Reproduce the listing in full. Omit the pictures.

DATA BELOW Start Marker

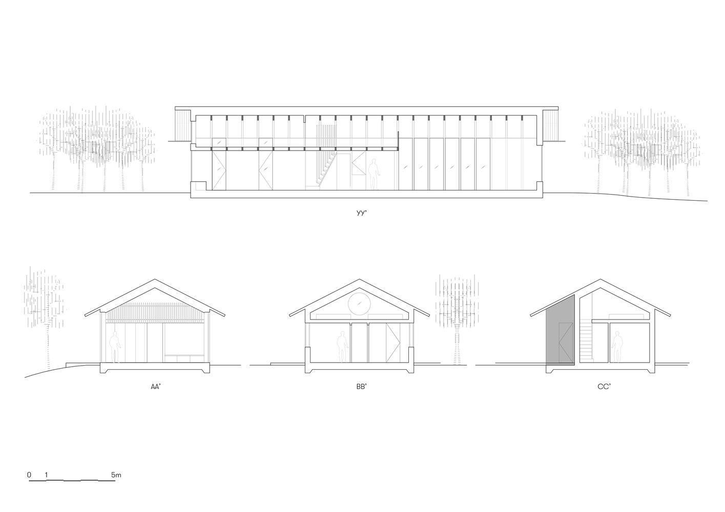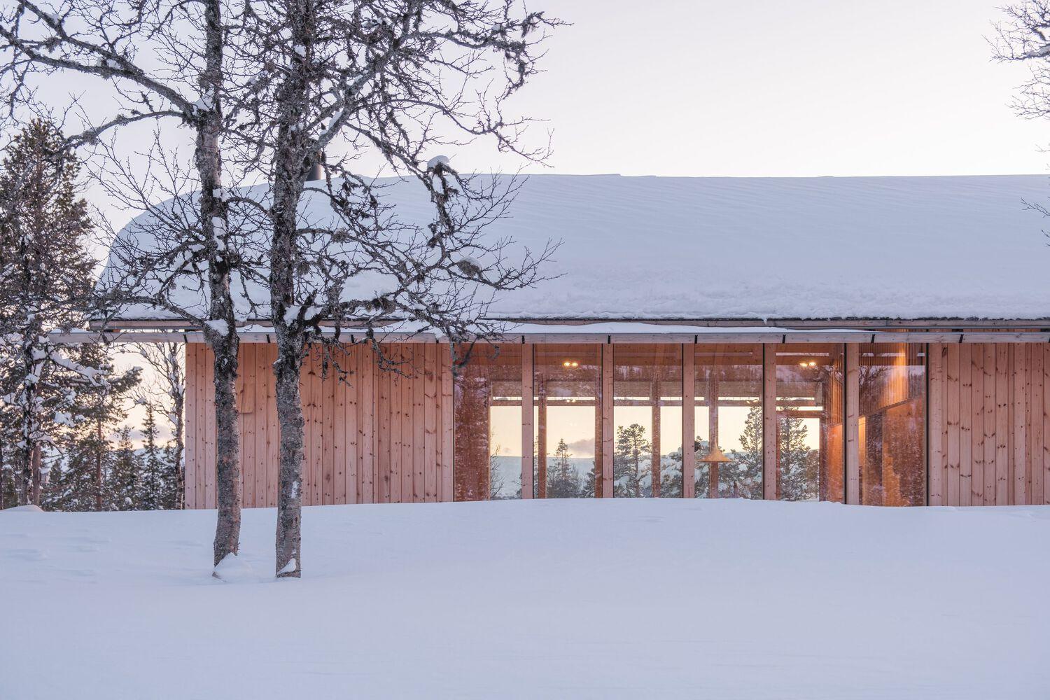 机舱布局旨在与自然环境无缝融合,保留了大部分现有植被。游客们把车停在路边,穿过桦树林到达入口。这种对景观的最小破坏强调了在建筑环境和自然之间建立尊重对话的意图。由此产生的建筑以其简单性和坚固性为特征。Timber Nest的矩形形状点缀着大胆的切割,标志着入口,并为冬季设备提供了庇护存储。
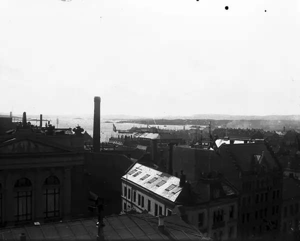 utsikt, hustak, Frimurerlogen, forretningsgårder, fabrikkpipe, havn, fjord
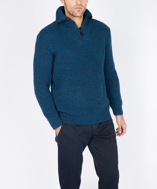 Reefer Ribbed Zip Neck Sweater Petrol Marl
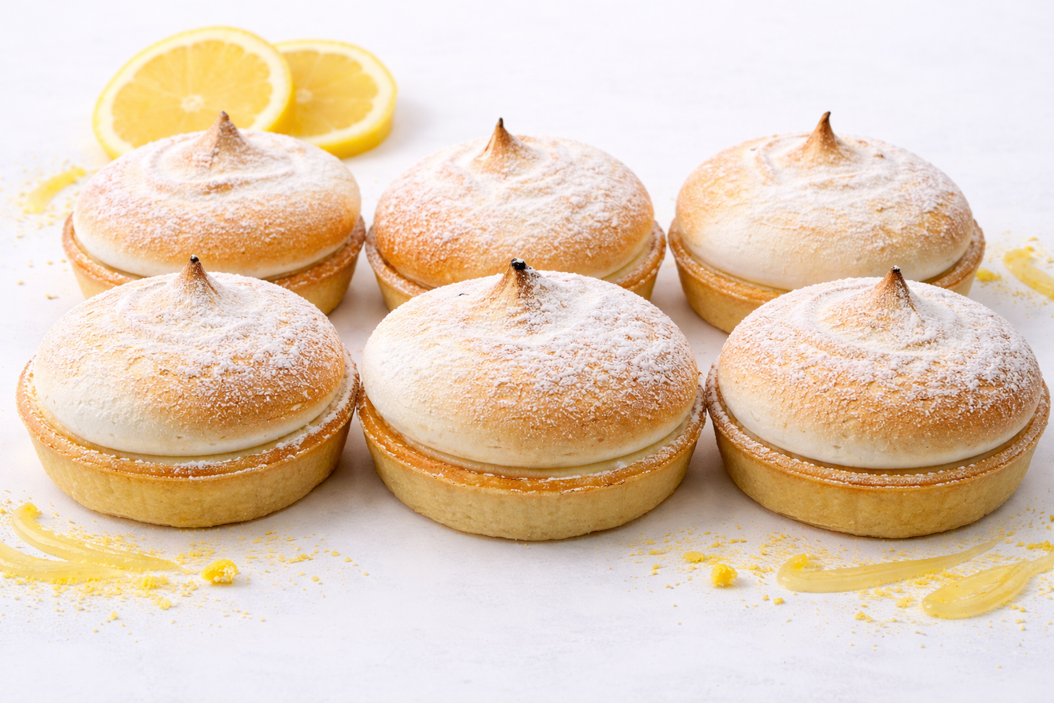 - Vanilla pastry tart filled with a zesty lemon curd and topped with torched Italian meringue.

DATA BELOW End Marker

## ANSWER SECTION
 机舱布局旨在与自然环境无缝融合,保留了大部分现有植被。游客们把车停在路边,穿过桦树林到达入口。这种对景观的最小破坏强调了在建筑环境和自然之间建立尊重对话的意图。由此产生的建筑以其简单性和坚固性为特征。Timber Nest的矩形形状点缀着大胆的切割,标志着入口,并为冬季设备提供了庇护存储。
 utsikt, hustak, Frimurerlogen, forretningsgårder, fabrikkpipe, havn, fjord
 Reefer Ribbed Zip Neck Sweater Petrol Marl
 - Vanilla pastry tart filled with a zesty lemon curd and topped with torched Italian meringue.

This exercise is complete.